Another minor complaint is the lack of a high refresh rate – you’re limited to 60Hz here. But considering this is a plastic screen and it can fold in half, this is easy to excuse, particularly from a first-gen device.

Audio is a big reason why the device is so good for content consumption. It features quad stereo speakers, which extend down both sides of the device. This becomes the top and bottom when used in laptop mode, so the keyboard never gets in the way. 

Dominik Tomaszewski / Foundry

Given they’re tuned by Harmon Kardon and feature Dolby Atmos support, it’s hardly surprising that sound quality is excellent. Most music is rich and full-bodied, offering an impressive hit of bass for a device of this size. Vocals are clear and crisp, while punchy sound effects really help content come alive.  

Things aren’t perfect though as the speakers do miss out on some background details, particularly at high volumes.

Keyboard & Trackpad

Dedicated keyboard accessory in the boxGreat key travel, but no backlightSmall but responsive trackpad

To get the most out of the Zenbook 17 Fold, you’ll need to pair it with Asus’ dedicated keyboard accessory. The company has helpfully included this in the box, which is not just welcome but crucial for getting the most out of this device.

Dominik Tomaszewski / Foundry

It connects via Bluetooth, meaning almost any wireless keyboard is compatible with the Zenbook 17 Fold. But the ability to seamlessly attach to the bottom half of the folded display is the key advantage of the official version.  

This transforms the device into a compact laptop, with strong magnets keeping it securely in place. Considering its slimline design, I’m impressed with the quality of the keyboard Asus has created. 

Each key is clicky and responsive, offering a decent 1.4mm of travel. It’s still full-size, and I quickly got used to the keys being slightly closer together than normal. Alongside regular volume and brightness controls, the row of function keys is also used to adjust Bluetooth and launch the MyAsus companion app. 

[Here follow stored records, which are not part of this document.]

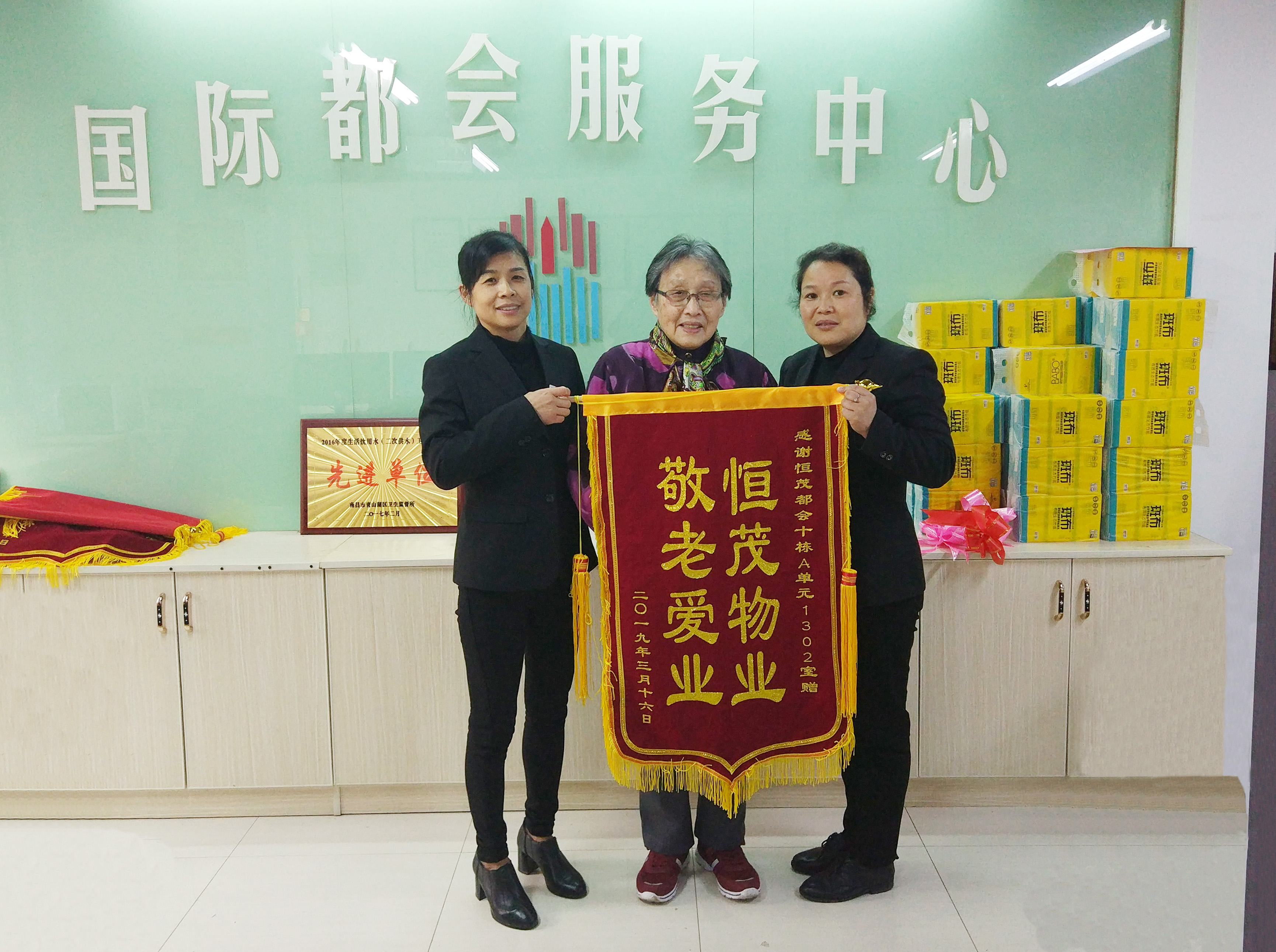 对于恒兴物业慰问老人、关爱老人的举动,很多老人表示满意和感谢!近日,家住南昌恒茂国际都会小区10栋A单元的万女士便给物业客服中心送来一面锦旗,感谢物业工作人员长期以来的关心和爱护。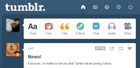 Tumblr es uno de los sitios de microblogging de mayor popularidad entre diseñadores, fotógrafos y amantes del arte y del blogueo simple y rápido. Sus usuarios pueden compartir mensajes breves, citas o simplemente fotos y videos; es mucho más fácil de utilizar que WordPress o Blogger y también se puede seguir las publicaciones de otras personas. ¿Por qué Yahoo! pagó semejante cantidad de dinero por la plataforma? Quizás por sus 300 millones de visitantes únicos al mes y los 13 millones de dólares que ganó en 2012.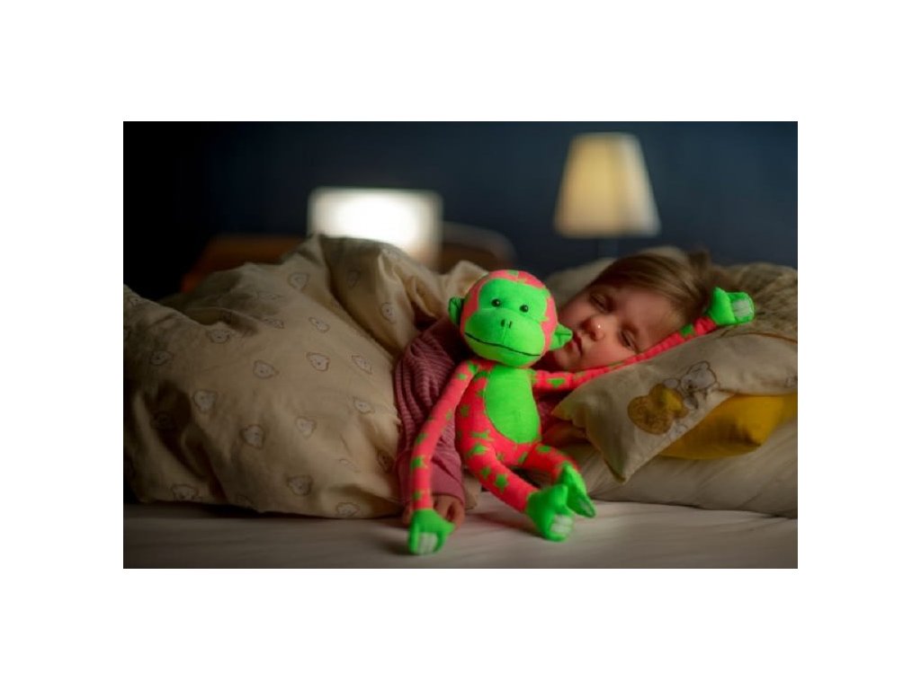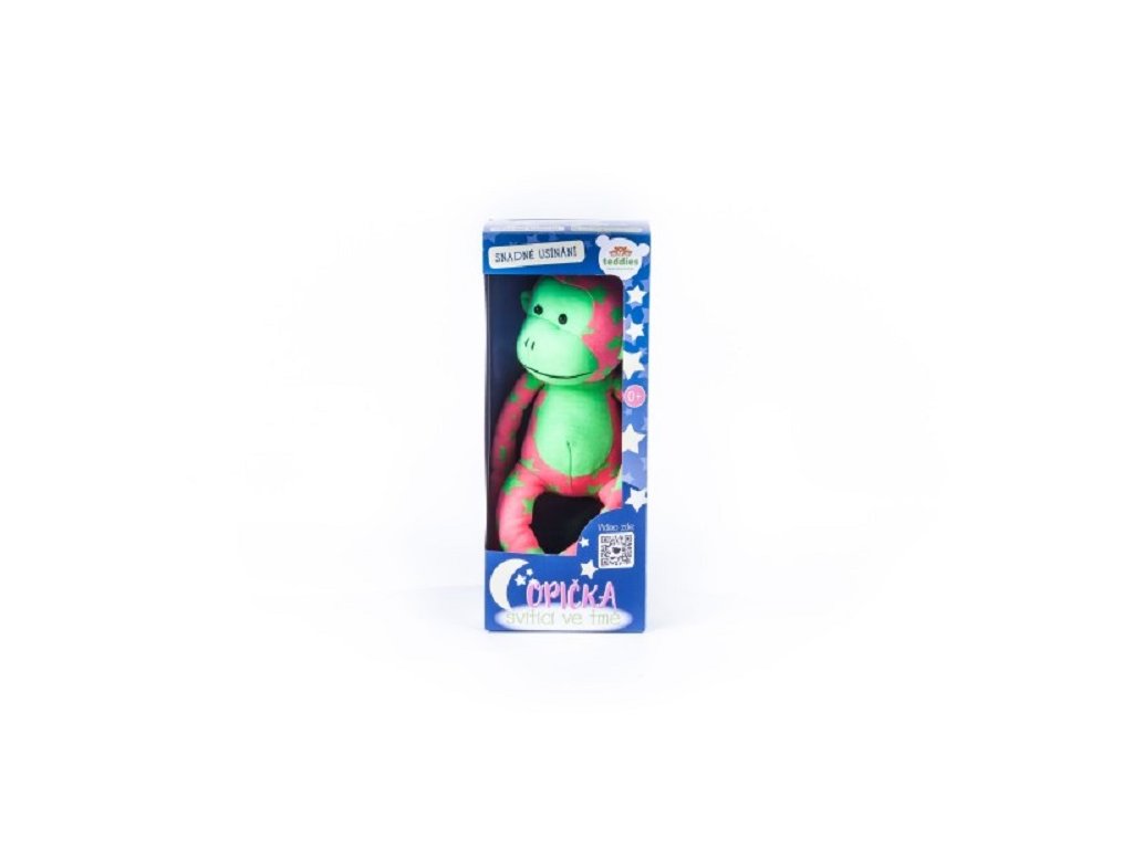 Opička pomůže dětem snadno usnout a klidně spát. V noci svítí jako noční obloha plná hvězd. Když ji postavíte na denní světlo nebo pod lampičku, vydrží ve tmě svítit i několik hodin. Díky suchému zipu jednoduše sepnete ruce i nohy k sobě. Velikost opice: 45 cm. Rozměr krabice: 13,5 x 33,5 x 12,5 cm. Vhodné pro děti od 0 let.Doplňkové parametry

However, the keys aren’t backlit. This is a problem that often affects detachable keyboards and means you can only use the keyboard in well-lit environments. As good as the face unlock is, it’d also have been nice to have a fingerprint sensor too. 

Dominik Tomaszewski / Foundry

Below the keyboard, you’ll find a small trackpad, which is impressively responsive and supports the full range of Windows 11 gestures. But it’s awkward to use for long browsing sessions, so I’d recommend connecting a Bluetooth mouse most of the time. 

Asus doesn’t say how long the keyboard will last, but it’ll be much longer than the device itself. You will have to charge this separately, though – via the USB-C port on the side. 

Specs & Performance

12th-gen Intel Core i7 CPUSolid everyday performanceNo discrete GPU

Unlike most tablets and laptops, there’s just one model of the Zenbook 17 Fold available. 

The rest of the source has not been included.